-- DATASET CONTENT follows --

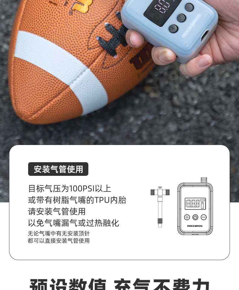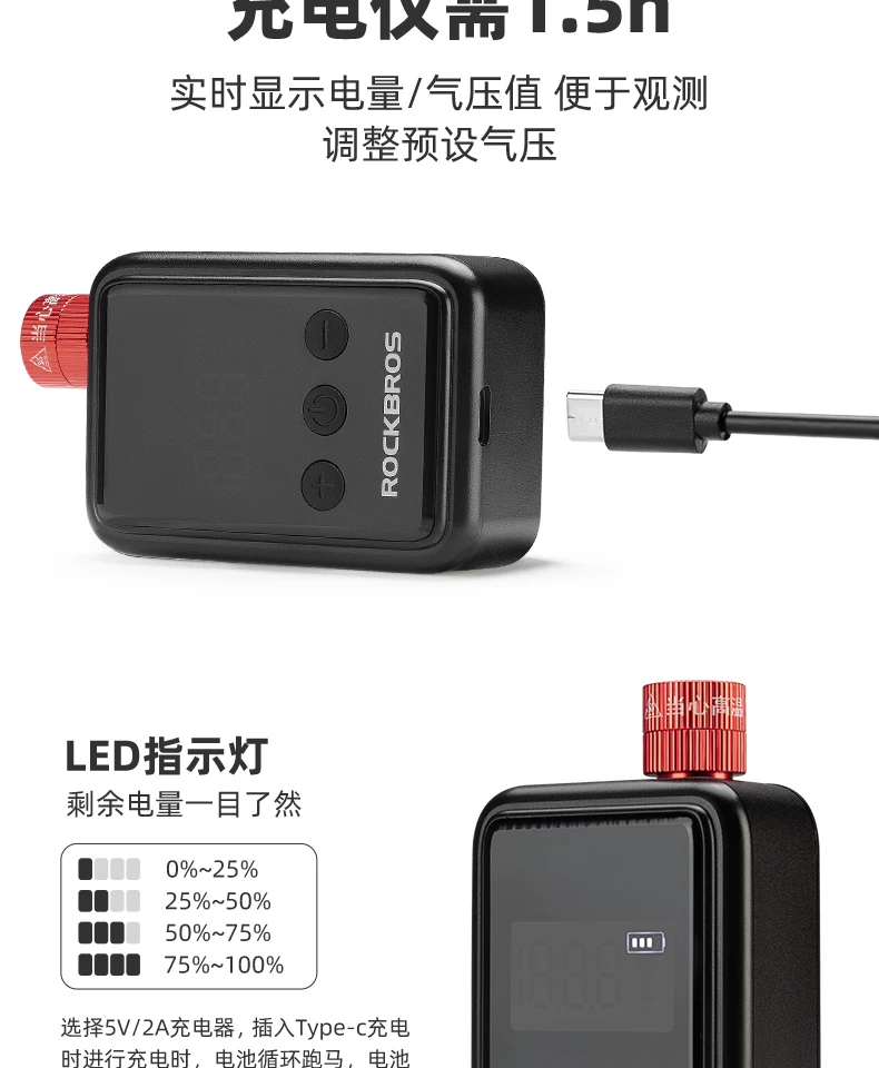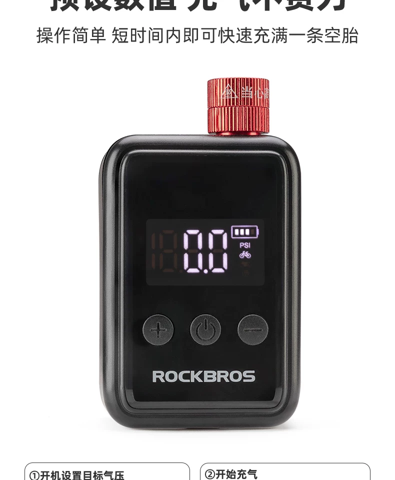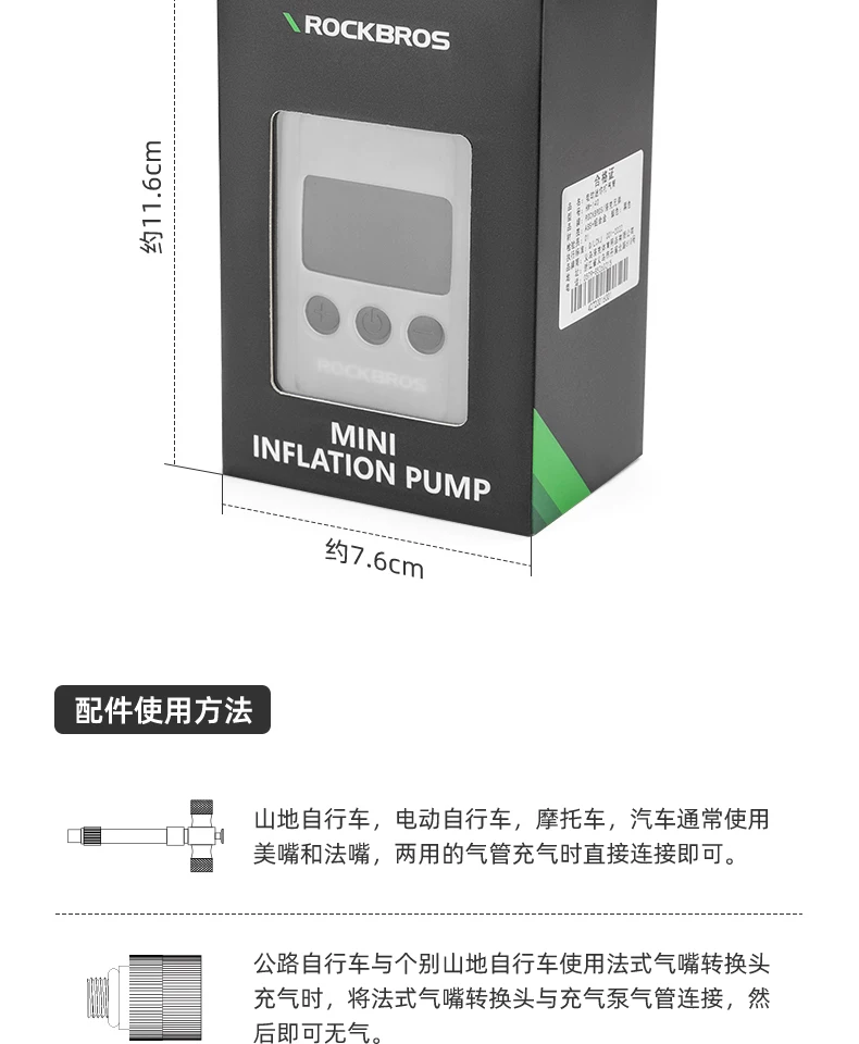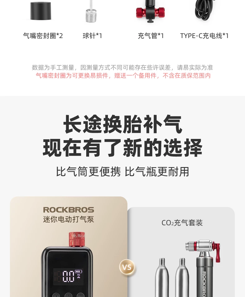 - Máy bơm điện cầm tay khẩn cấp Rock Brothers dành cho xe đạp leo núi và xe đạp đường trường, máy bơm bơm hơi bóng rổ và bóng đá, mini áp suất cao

-- DATASET CONTENT concluded --
-- DATASET CONTENT follows --

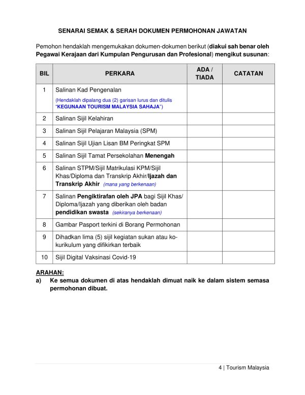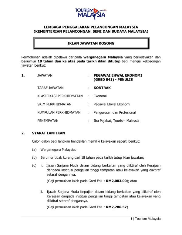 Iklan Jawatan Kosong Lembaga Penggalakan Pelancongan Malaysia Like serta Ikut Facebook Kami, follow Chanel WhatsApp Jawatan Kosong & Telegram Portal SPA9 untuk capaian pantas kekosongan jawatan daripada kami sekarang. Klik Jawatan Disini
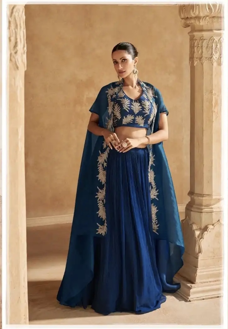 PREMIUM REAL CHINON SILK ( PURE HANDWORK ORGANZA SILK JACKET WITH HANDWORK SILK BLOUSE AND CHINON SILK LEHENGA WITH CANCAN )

-- DATASET CONTENT concluded --
-- DATASET CONTENT follows --

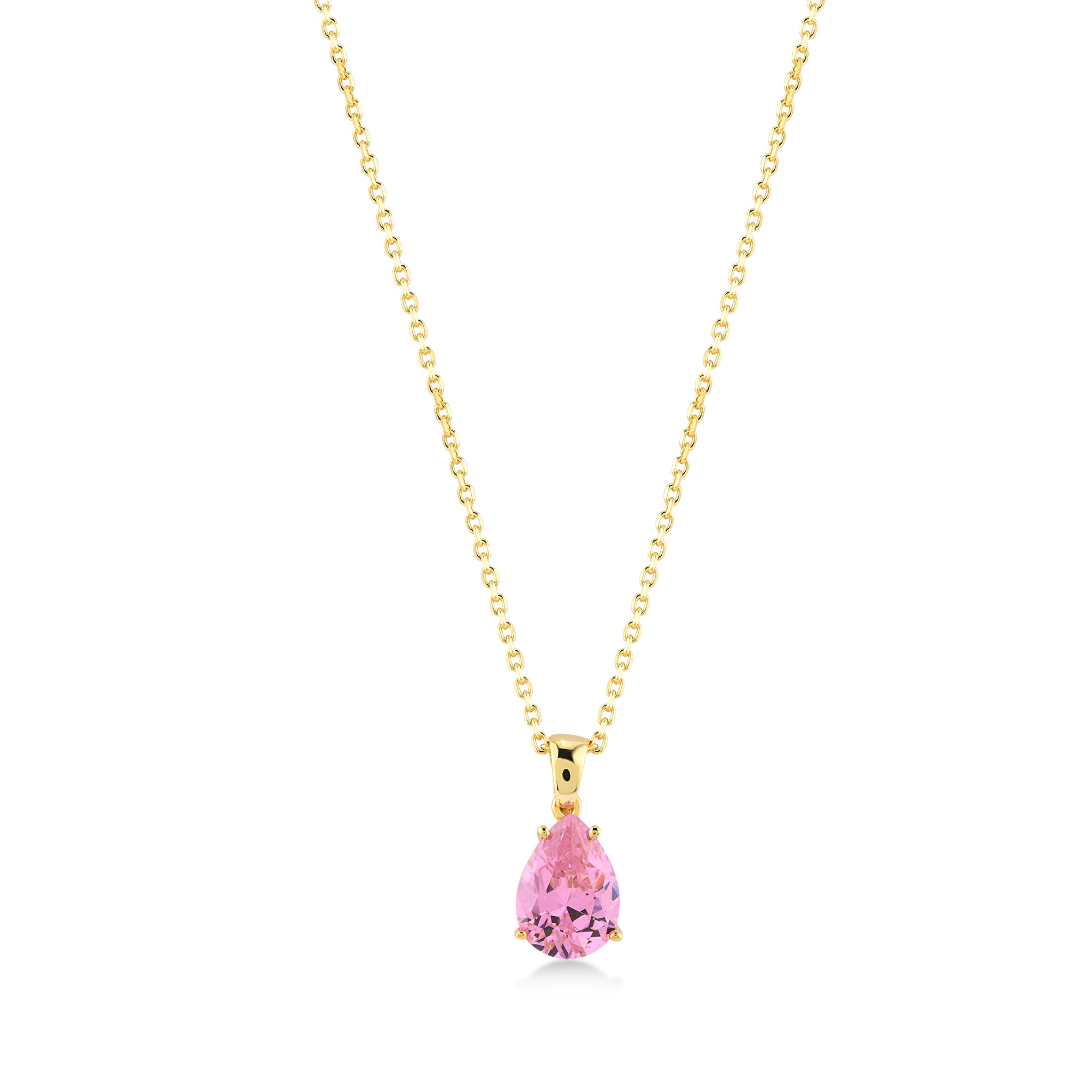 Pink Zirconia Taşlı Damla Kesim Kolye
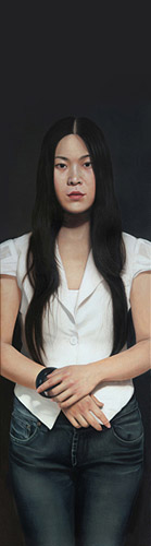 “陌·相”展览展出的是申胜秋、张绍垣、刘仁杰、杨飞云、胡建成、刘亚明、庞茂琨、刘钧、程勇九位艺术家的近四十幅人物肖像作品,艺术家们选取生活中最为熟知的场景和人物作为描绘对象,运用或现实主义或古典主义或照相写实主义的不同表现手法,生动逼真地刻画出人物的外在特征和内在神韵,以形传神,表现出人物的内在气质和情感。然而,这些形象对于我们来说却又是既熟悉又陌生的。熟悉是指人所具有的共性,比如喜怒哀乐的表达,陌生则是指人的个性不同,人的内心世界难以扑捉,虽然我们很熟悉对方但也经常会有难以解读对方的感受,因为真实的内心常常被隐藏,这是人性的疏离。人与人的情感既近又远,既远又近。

-- DATASET CONTENT concluded --

ASSIGNMENT: From the material above, output only the span of lines that starts at the one containing "Iklan Jawatan Kosong" and finishes at the one containing "PREMIUM REAL CHINON", word for word and free of pictures.

ANSWER FOR THE TASK:
 Iklan Jawatan Kosong Lembaga Penggalakan Pelancongan Malaysia Like serta Ikut Facebook Kami, follow Chanel WhatsApp Jawatan Kosong & Telegram Portal SPA9 untuk capaian pantas kekosongan jawatan daripada kami sekarang. Klik Jawatan Disini
 PREMIUM REAL CHINON SILK ( PURE HANDWORK ORGANZA SILK JACKET WITH HANDWORK SILK BLOUSE AND CHINON SILK LEHENGA WITH CANCAN )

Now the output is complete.